Section 2(1) of the Misrepresentation Act 1967 provides for recovery where a person has entered into a contract in reliance on a misrepresentation. It covers negligent and even wholly innocent misrepresentations and there is no need to prove fraud. However, as noted above, where the misrepresentation is not fraudulent the court can decide to declare the contract as subsisting. Under section 2(2) it can award damages but, consistent with the fact that the contract subsists, these will be on the contractual measure.

The effect of contractual provisions

Parties often want to avoid the uncertainty of claims being made based on matters that are outside the terms of the contract. Therefore contracts often contain provisions that purport to exclude or limit liability for pre-contractual statements or to exclude or limit the available remedies. For example, it may provide that damages are the only remedy and that the contract cannot be rescinded. Whether such clauses are effective depends on their construction and whether any statutory restrictions apply (see footnote 17 above).

Entire agreement and non-reliance clauses

To this end “entire agreement” clauses are commonly used, e.g. “This agreement together with any other documents referred to in this agreement constitutes the entire and only agreement between the parties…” as well as “non-reliance” clauses acknowledging that the parties have not relied on representations made outside of the contract. The aim is to restrict claims to matters that have become embodied in the contract. However, for these clauses to be effective, they must be drafted carefully.

Non-disclosure

There is no general requirement under English law for parties negotiating a contract to disclose information to one another. In some circumstances a party’s silence will amount to a misrepresentation, for example, where it gives only half the truth which has the effect of misleading the other party. If this is the case the contract can be rescinded for misrepresentation as above. Liability for pure non-disclosure is more difficult to establish as the claimant must prove that there was a positive duty on the other party to provide the relevant information. This duty can derive from the particular kind of contract (for example, insurance contracts) or from the relationship between the parties, e.g. trustee and beneficiary.

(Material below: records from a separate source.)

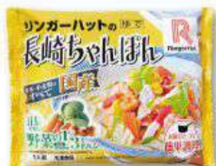
冷凍 長崎ちゃんぽん 450円(税抜417円)
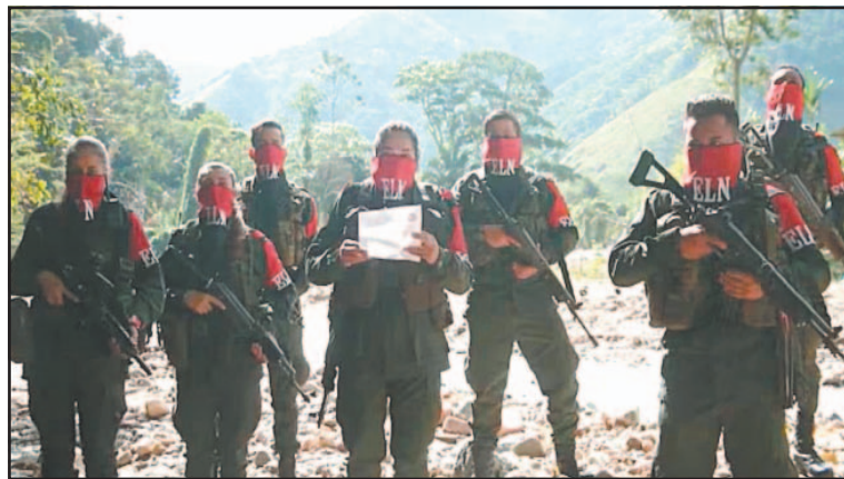
El alto al fuego se extenderá del 30 de mayo hasta el 2 de junio.
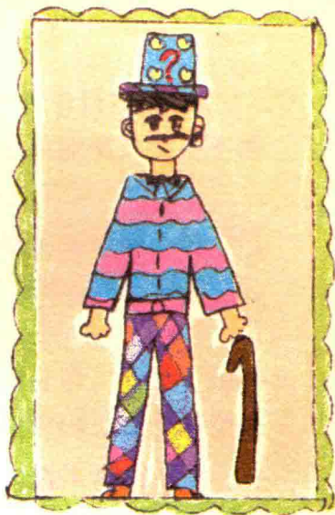
姑父的自画像多好笑！

他一点不知道我们强打精神拨打电话是为了帮助他的妻子，而且他丝毫不相信世界上确实有金发仙子，他心甘情愿做天下第一号笨蛋。
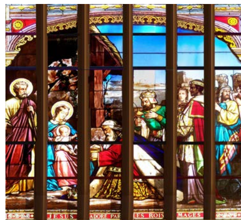
Jésus adoré par les Rois Mages

La tonalité de l'Évangile par les vitraux de la Madeleine est celle de la miséricorde de Dieu : « l'enfant prodigue », « la femme adultère », « la samaritaine » et « le repas chez Simon ou la pécheresse pardonnée ». Accessibles au regard de celui qui prend place sur les premiers bancs de l'église, 8 vitraux en hauteur dans le chœur de l'église, à droite côté sud, 3 vitraux représentent des scènes de l'Ancien Testament. En face d'eux, en correspondance sur la face nord, on trouve 3 vitraux qui représentent des scènes du Nouveau Testament, « Adam et Eve chassés du paradis », « La Pentecôte », « le sermon sur la montagne », « Moïse reçoit les tables de la loi », « le sacrifice d'Abraham », « le Christ en croix », « la résurrection de Lazare » et celui qui interpelle en ce temps de l'Avent : « l'Adoration des Mages ».
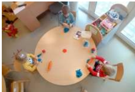
Slika 42. Modeliranje plastelinom

Zanimljive aktivnosti djeci bile su aktivnosti sa obojanom rižom, kukuruzom, palentom, domaćim plastelinom, tijestom i vodom i pijeskom. Djeca mogu koristiti različite posudice, ljevčiče, žlica različitih veličina za punjenje, pražnjenje, različite valjčiče, kalupe za utiskivanje, odvrtanje poklopaca, različite kapaljke, epruvete i sl. Tim aktivnostima potiče se razvoj fine motorike djece koja je vrlo važna za razvoj grafomotorike. Dio djece, koja su u petoj godini života i djevojčica s napunjenih 3 i pol godina, precrtava geometrijske likove, a i pojedine druge likove po šabloni i crta čovjeka sa osnovnim dijelovima tijela.
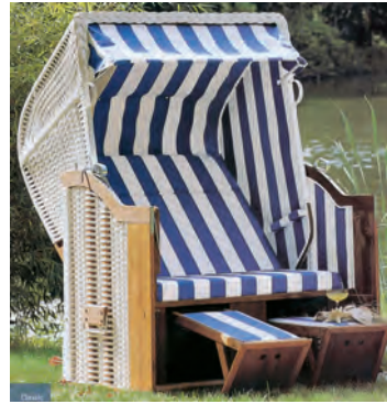
Lieferung ab Werk.
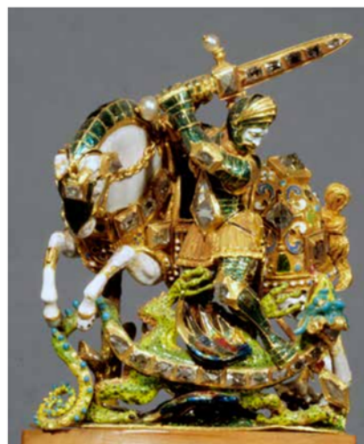
Б. Крістіан IV Денмаркський, 1603, Розенборзький замок. 1.40.
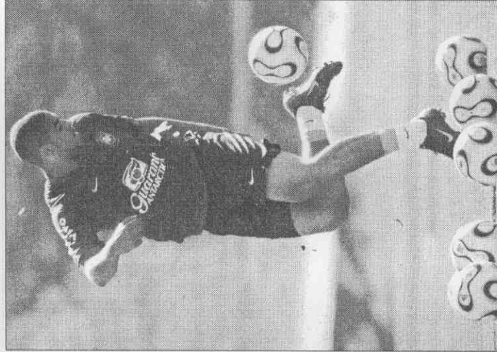
◀巴西阿德里亞諾11日練球時，大秀踢球絕技。
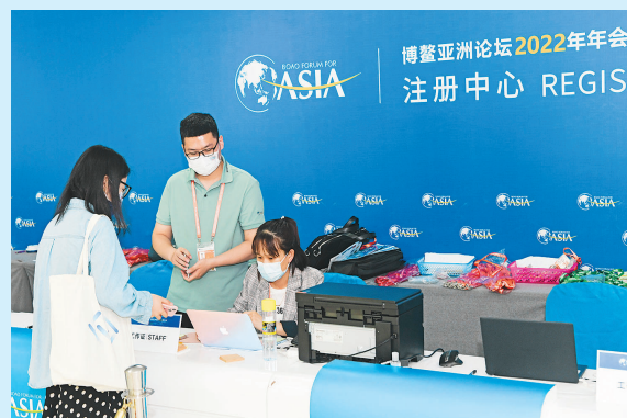
4月18日，工作人员在博鳌亚洲论坛年会注册中心工作。
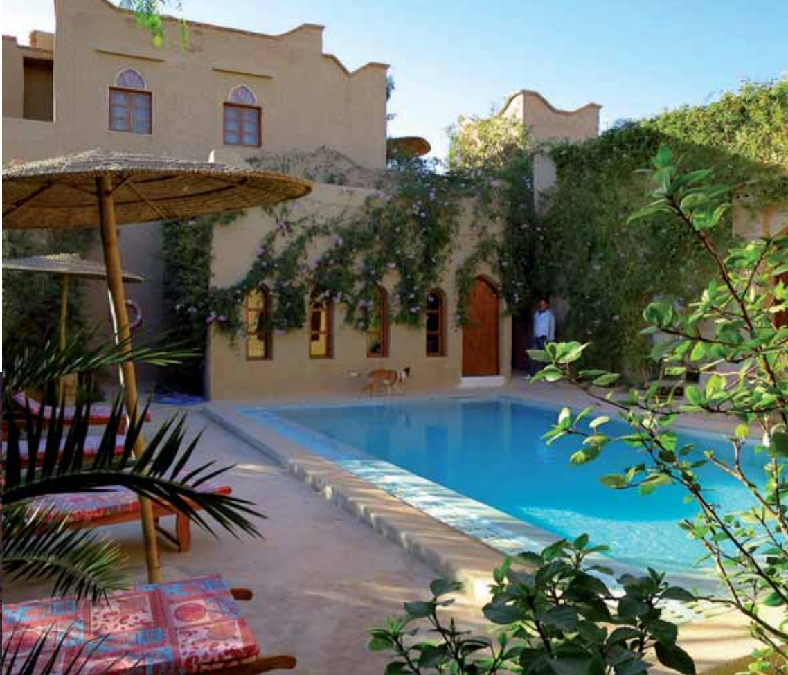
Un havre de paix et de bien-être loin des chemins convenus ▲

Au Spa, exclusivement manuels, les soins relèvent d'un rituel invitant à la détente, à la purification, au bien-être au moyen de produits naturels agrémentés d'huile d'argan bio et conçus sous haute surveillance. Si la piscine avenante et l'espace yoga inspirent la zénitude, en passionné de gastronomie, le maître des lieux a mis l'accent sur la table et développé des recettes gourmandes inspirées de la cuisine marocaine. Revisitées et allégées selon sa touche personnelle. Un régal de saveurs inattendues, de multiples splendeurs... Un havre de paix et de renouveau à découvrir. ▶
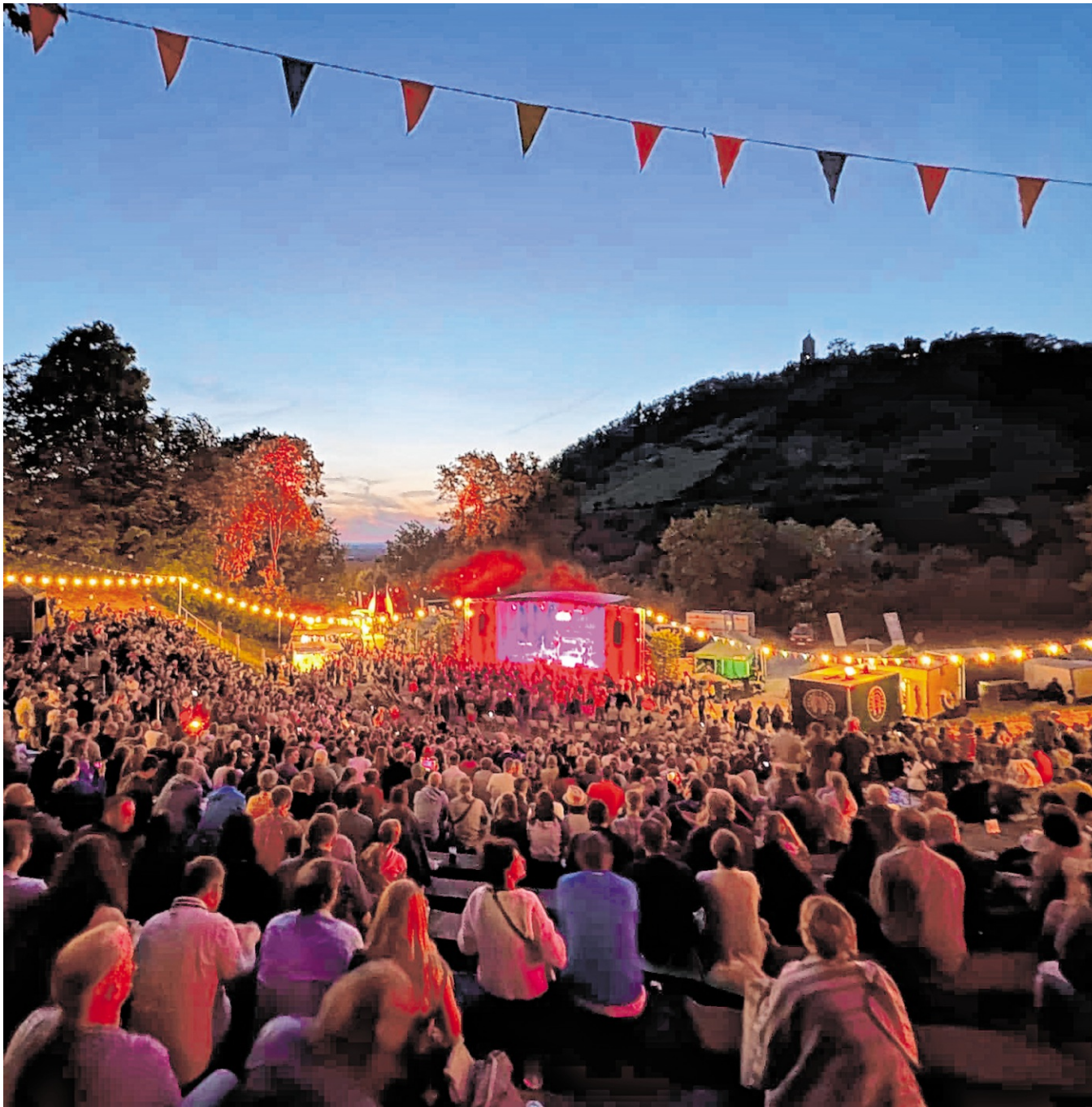
Musik, Magie und Sommerlaune gibt's beim Maiberg Open Air in Heppenheim.
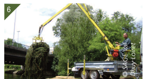
3 et 4- Râteau hydraulique motorisé (Ratodo). 5- Plantes chargées sur une barge ostrécicole. 6. Mini-grue pour décharger les plantes dans une benne (plucker).
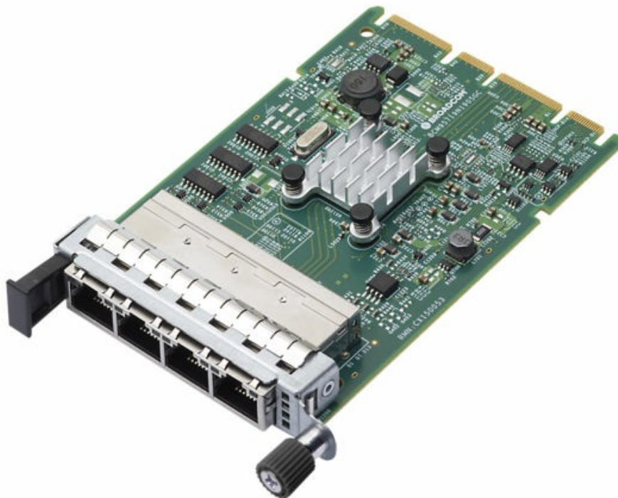
Figure 2. ThinkSystem Broadcom 5719 1GbE RJ45 4-port OCP Ethernet Adapter

The following figure shows the Broadcom 5719 1GbE RJ45 4-port OCP Ethernet Adapter.
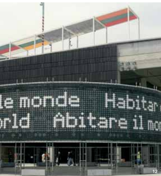
12. «Habitat el món».
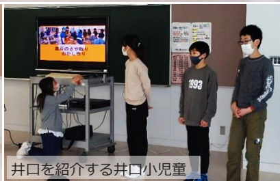
井口を紹介する井口小児童

宝立小中学校は、5年前より義務教育学校となり、規模も井口小学校と似かよっています。本年4月より「南砺つばき学舎」
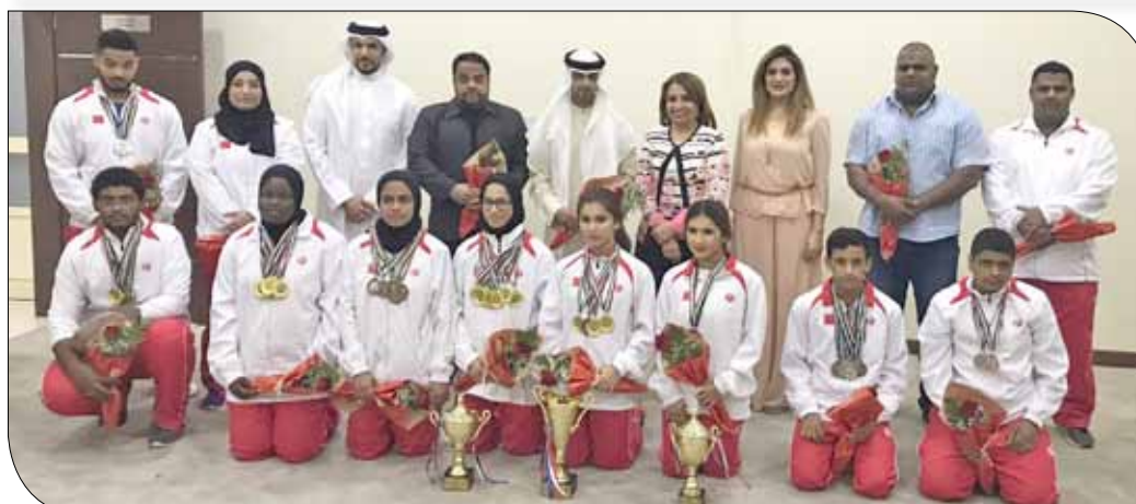
من زيارة الشبيخة حياة منتخب رفع الأثقال

التي شهدت مشاركة قوية من نجبة من لاعبي ولاعبات رفع الأثقال من دول غرب آسيا.
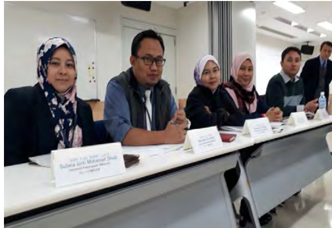
Gambarajah 16 Sesi pembentangan dan diskusi antara Myanmar-Malaysia-Japan di Iryojin
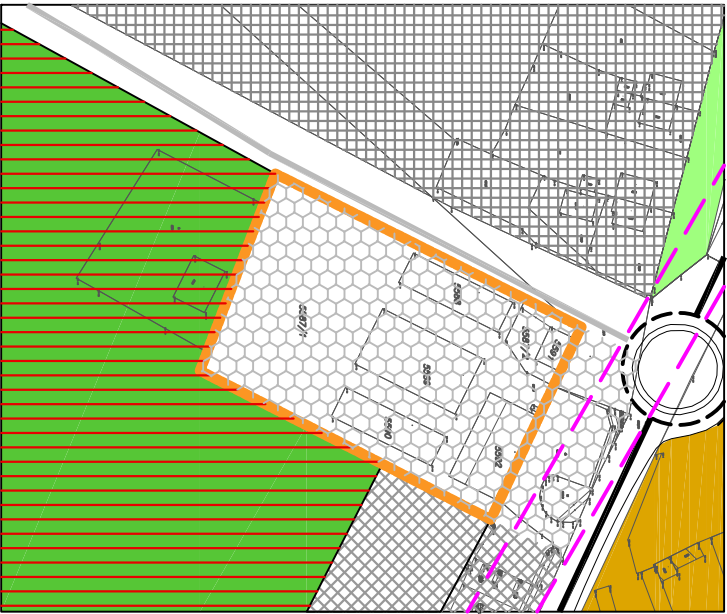
9 PŮVODNÁ FUNKCIA

Other matters that may invalidate a contract

Mistake

Not all mistakes affect the validity of the contract. The doctrine of offer and acceptance relies upon a meeting of minds between the parties as to what is being offered and what is being accepted. If there has been a mistake about something fundamental like the identity of the party with whom the contract is made or its subject matter, there is no true agreement. In this situation the court will set it aside and restore the parties to their pre-contract position. In other situations of mistake the contract is not necessarily void. The court’s view will depend on whether it is still possible to perform the contract, notwithstanding the mistake.30

Frustration/subsequent impossibility

A frustrating event is an extreme supervening event occurring after the formation of the contract which makes further performance impossible, or so radically different to that envisaged, that it would be unjust for the contract to continue. For example, the outbreak of war31 or seizure of property by a foreign government.32 At common law the effect is to terminate the contract, releasing the parties from all further performance. This consequence is automatic33 but the scope for frustration can be cut down by including in the contract express provisions (force majeure) setting out what should happen to the contract if something unforeseen occurs.

Illegality/public policy

Contracts involving the commission of crimes, torts or unreasonable restraint of trade are void and unenforceable. Contracts involving transactions prohibited by law are generally void and cannot be enforced by either party.

Duress/undue influence

Contracts induced by actual or threatened violence (physical or economic) are voidable by the injured party. For example, economic duress, a threat to breach a contract or coercion which invalidates consent.34 Undue influence arises, and can be presumed, in situations where there is a fiduciary relationship.